The HalluRAG Dataset: Detecting Closed-Domain Hallucinations in RAG Applications Using an LLM's Internal States (2412.17056v2)

Published 22 Dec 2024 in cs.CL and cs.LG

Abstract: Detecting hallucinations in LLMs is critical for enhancing their reliability and trustworthiness. Most research focuses on hallucinations as deviations from information seen during training. However, the opaque nature of an LLM's parametric knowledge complicates the understanding of why generated texts appear ungrounded: The LLM might not have picked up the necessary knowledge from large and often inaccessible datasets, or the information might have been changed or contradicted during further training. Our focus is on hallucinations involving information not used in training, which we determine by using recency to ensure the information emerged after a cut-off date. This study investigates these hallucinations by detecting them at sentence level using different internal states of various LLMs. We present HalluRAG, a dataset designed to train classifiers on these hallucinations. Depending on the model and quantization, MLPs trained on HalluRAG detect hallucinations with test accuracies ranging up to 75 %, with Mistral-7B-Instruct-v0.1 achieving the highest test accuracies. Our results show that IAVs detect hallucinations as effectively as CEVs and reveal that answerable and unanswerable prompts are encoded differently as separate classifiers for these categories improved accuracy. However, HalluRAG showed some limited generalizability, advocating for more diversity in datasets on hallucinations.

Summary

The paper presents a novel dataset that leverages recency to train classifiers on detecting closed-domain hallucinations in LLM outputs.
It distinguishes between parametric and contextual knowledge, using LLM internal states for enhanced hallucination detection.
Experimental results show up to 75% test accuracy, with significant gains for unanswerable queries in models like Mistral-7B.

Detecting Closed-Domain Hallucinations in Retrieval-Augmented Generation Systems

The paper "The HalluRAG Dataset: Detecting Closed-Domain Hallucinations in RAG Applications Using an LLM's Internal States" by Fabian Ridder and Malte Schilling presents a detailed paper on the identification of hallucinations in LLMs. These hallucinations refer to instances where LLMs produce outputs that are ungrounded in any training or contextual data, posing significant challenges to the reliability of these models in practical applications.

Overview and Objectives

LLMs have become increasingly capable in generating coherent and contextually relevant text through techniques like retrieval-augmented generation (RAG). However, these systems still frequently generate hallucinations, which are misleading or erroneous outputs that can occur even when trained on extensive datasets. The paper aims to improve hallucination detection by presenting HalluRAG, a dataset specifically developed to train classifiers in recognizing closed-domain hallucinations, focusing on cases where knowledge could not possibly be present in the training data due to its recency.

Methodology

The authors distinguish between different types of knowledge within LLMs: parametric knowledge (information encoded during training) and contextual knowledge (information provided as input at inference time). The HalluRAG dataset is designed to focus on closed-domain hallucinations leveraging the notion of recency to ensure that queries involve information the model could not have encountered during training.

The process of creating HalluRAG involves:

Extracting recent data points from Wikipedia by checking article and reference timestamps to guarantee recency.
Formulating questions and answers from this data using GPT-4o.
Creating RAG prompts that are either answerable (context provided) or unanswerable (no relevant context), ensuring a realistic test of RAG systems.

To train classifiers, the authors utilize various internal state data from LLMs during generation, such as contextualized embedding vectors and intermediate activation values. Multiple configurations of LLMs, including LLaMA-2-7B and Mistral-7B, are employed to train multilayer perceptrons (MLPs) for hallucination detection.

Results

The findings indicate that classifiers trained on HalluRAG achieve test accuracies ranging up to 75%, with notable performance variations depending on the LLM and its quantization level. For instance, the Mistral-7B model achieved higher detection accuracies, suggesting a potential advantage in its internal representation of language or training methodology.

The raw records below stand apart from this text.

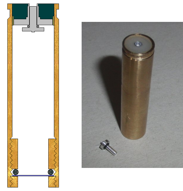 Still, the "valveless" principle is too good to let go of without a fight. One thing I thought about was threading the outside of the cartridge in order to connect it directly to a schrader adapter, but it would be easier to just make a smaller fill rig directly.
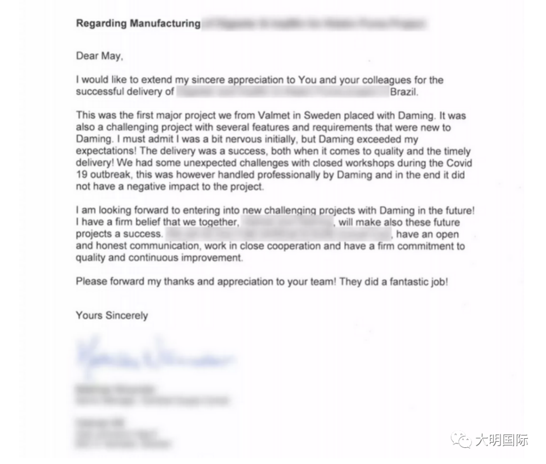 4月份,大明重工再次收到来自欧洲某知名制浆造纸设备企业的感谢信,对于双方合作项目的质量和交期表示满意和诚挚的谢意,对于大明团队认真敬业的工作态度,高效高质的工作成果表示了高度的肯定。
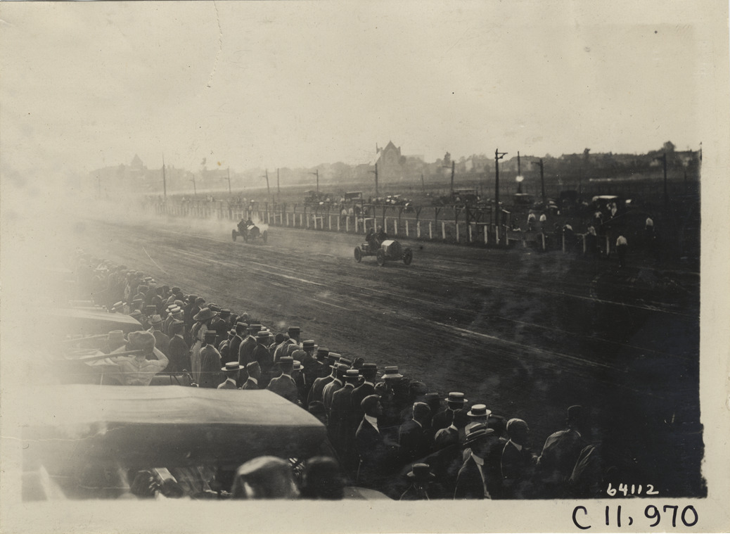 View of two cars racing on track during 1910 Brighton Beach races in New York. Crowd of spectators in foreground. Stamped on back: "Spooner & Wells, Inc., photographers, telephones 3472-3473 Columbus, 1931 Broadway, New York." Handwritten on back: "Races and racing--Brighton Beach, 1910."

Significant test accuracy improvements were observed when training separate classifiers for answerable and unanswerable questions, with Mistral-7B demonstrating near-perfect accuracy on unanswerable prompts. These results highlight how distinguishing between types of queries can enhance the detection of hallucinations.

Implications and Future Work

The paper's insights stress the importance of diverse and representative training sets for effective hallucination detection. It also underlines the potential of recent data (recency criterion) as a methodological innovation in discerning hallucinations in LLM outputs.

Moving forward, there is ample room for enhancing these detection methods by expanding datasets to include a wider variety of prompts and continually refining LLM architectures to better represent factual and contextual coherence. Moreover, the generalizability of these detection models across different datasets or domains remains an essential focus for future research, as the current models display limited cross-dataset applicability.

In summary, this paper contributes a structured approach to hallucination detection in LLMs, providing both a valuable dataset and methodological insights that could significantly improve the reliability of LLM applications in diverse fields.